Collection entries:
=== Begin Enclosure ===

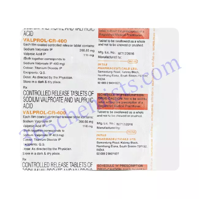 Valprol CR 400mg Tablet is an important medication for the treatment and management of epilepsy. Its active ingredients are Sodium Valproate 266mg and Valproic Acid 116mg, and it comes in the form of a tablet. It accomplishes this by elevating GABA levels in the brain, which, in turn, effectively controls epileptic seizures and improves overall quality of life for epileptic patients. Utilisation of the Valprol CR 400mg Tablet in a manner that is both safe and effective requires strict adherence to the recommended dosage, awareness of any and all possible adverse effects, and ongoing communication with a qualified medical professional. Individuals can experience better seizure control and overall wellbeing if they are provided with the appropriate medical guidance.
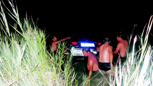 ◥村民和民警正在将落水的轿车拖上岸边。 本报通讯员 供图
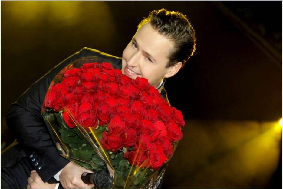 ![Знаменитости с букетами]()
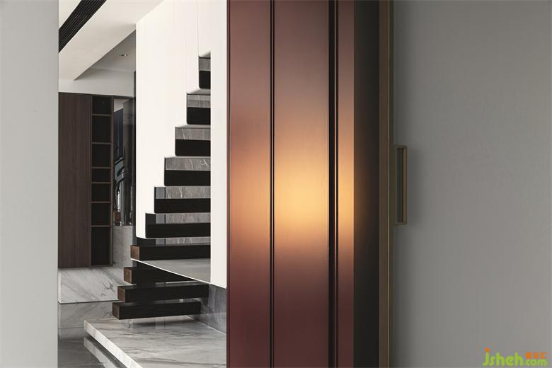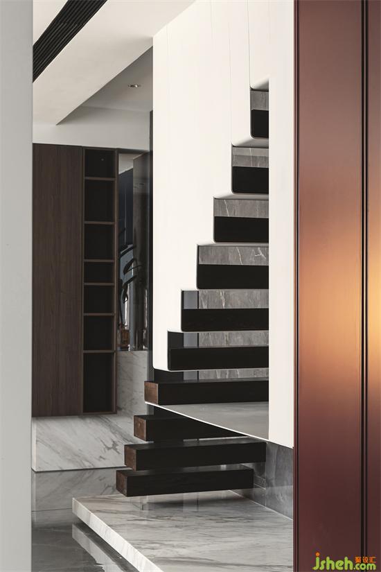 楼梯作为设计的一大亮点精心打造。木与钢的微妙结合,打破原混泥土楼梯的笨重感,同时后半部分用钢板作为一个搭配材质和辅助的拉力,家装设计拥有了材质视觉的丰富性,也消除了楼梯在长久使用下可能带来的松弛和变形的顾虑。
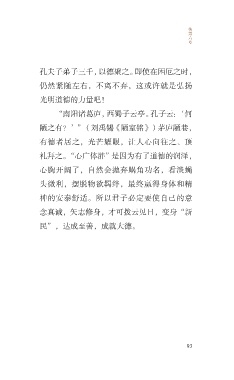 传 第 六 章 孔夫子弟子三千,以德聚之。即使在困厄之时, 仍然紧随左右,不离不弃,这或许就是弘扬 光明道德的力量吧! “南阳诸葛庐,西蜀子云亭。孔子云:‘何 陋之有?’”(刘禹锡《陋室铭》)茅庐陋巷, 有德者居之,光芒耀眼,让人心向往之、顶 礼拜之。“心广体胖”是因为有了道德的润泽, 心胸开阔了,自然会抛弃蜗角功名,看淡蝇 头微利,摆脱物欲羁绊,最终赢得身体和精 神的安泰舒适。所以君子必定要使自己的意 念真诚,矢志修身,才可拨云见日,变身“新 民”,达成至善,成就大德。 93
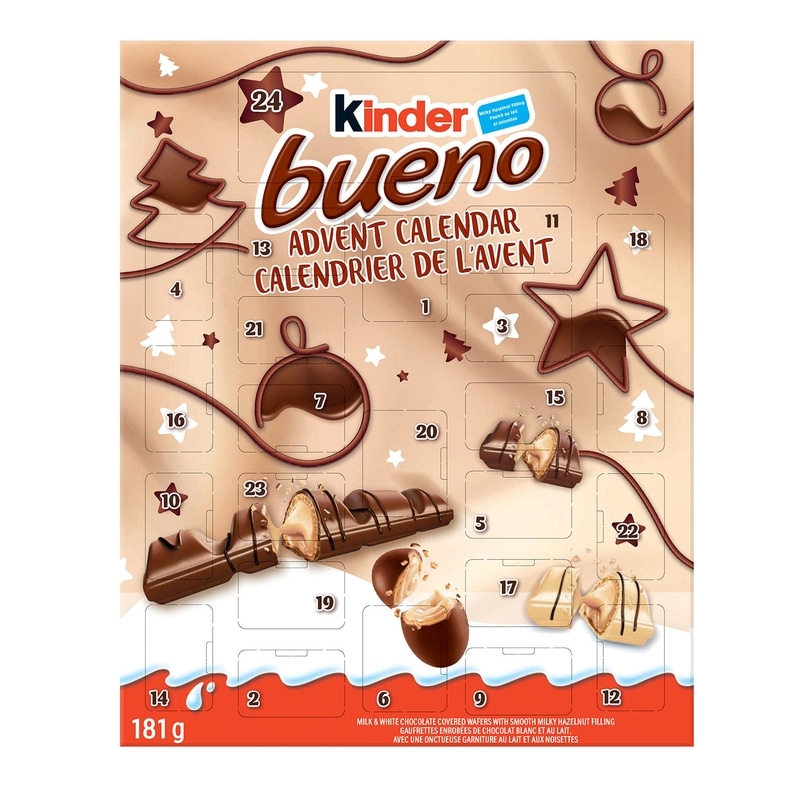 - The KINDER BUENO 2025 Advent Calendar is a delicious way to start the holiday countdown. Behind each window is a tasty treat to enjoy every day until December 25th.

=== End Enclosure ===

Please transcribe all of the entries exactly and omit any picture they hold.

 Valprol CR 400mg Tablet is an important medication for the treatment and management of epilepsy. Its active ingredients are Sodium Valproate 266mg and Valproic Acid 116mg, and it comes in the form of a tablet. It accomplishes this by elevating GABA levels in the brain, which, in turn, effectively controls epileptic seizures and improves overall quality of life for epileptic patients. Utilisation of the Valprol CR 400mg Tablet in a manner that is both safe and effective requires strict adherence to the recommended dosage, awareness of any and all possible adverse effects, and ongoing communication with a qualified medical professional. Individuals can experience better seizure control and overall wellbeing if they are provided with the appropriate medical guidance.
 ◥村民和民警正在将落水的轿车拖上岸边。 本报通讯员 供图
 ![Знаменитости с букетами]()
 楼梯作为设计的一大亮点精心打造。木与钢的微妙结合,打破原混泥土楼梯的笨重感,同时后半部分用钢板作为一个搭配材质和辅助的拉力,家装设计拥有了材质视觉的丰富性,也消除了楼梯在长久使用下可能带来的松弛和变形的顾虑。
 传 第 六 章 孔夫子弟子三千,以德聚之。即使在困厄之时, 仍然紧随左右,不离不弃,这或许就是弘扬 光明道德的力量吧! “南阳诸葛庐,西蜀子云亭。孔子云:‘何 陋之有?’”(刘禹锡《陋室铭》)茅庐陋巷, 有德者居之,光芒耀眼,让人心向往之、顶 礼拜之。“心广体胖”是因为有了道德的润泽, 心胸开阔了,自然会抛弃蜗角功名,看淡蝇 头微利,摆脱物欲羁绊,最终赢得身体和精 神的安泰舒适。所以君子必定要使自己的意 念真诚,矢志修身,才可拨云见日,变身“新 民”,达成至善,成就大德。 93
 - The KINDER BUENO 2025 Advent Calendar is a delicious way to start the holiday countdown. Behind each window is a tasty treat to enjoy every day until December 25th.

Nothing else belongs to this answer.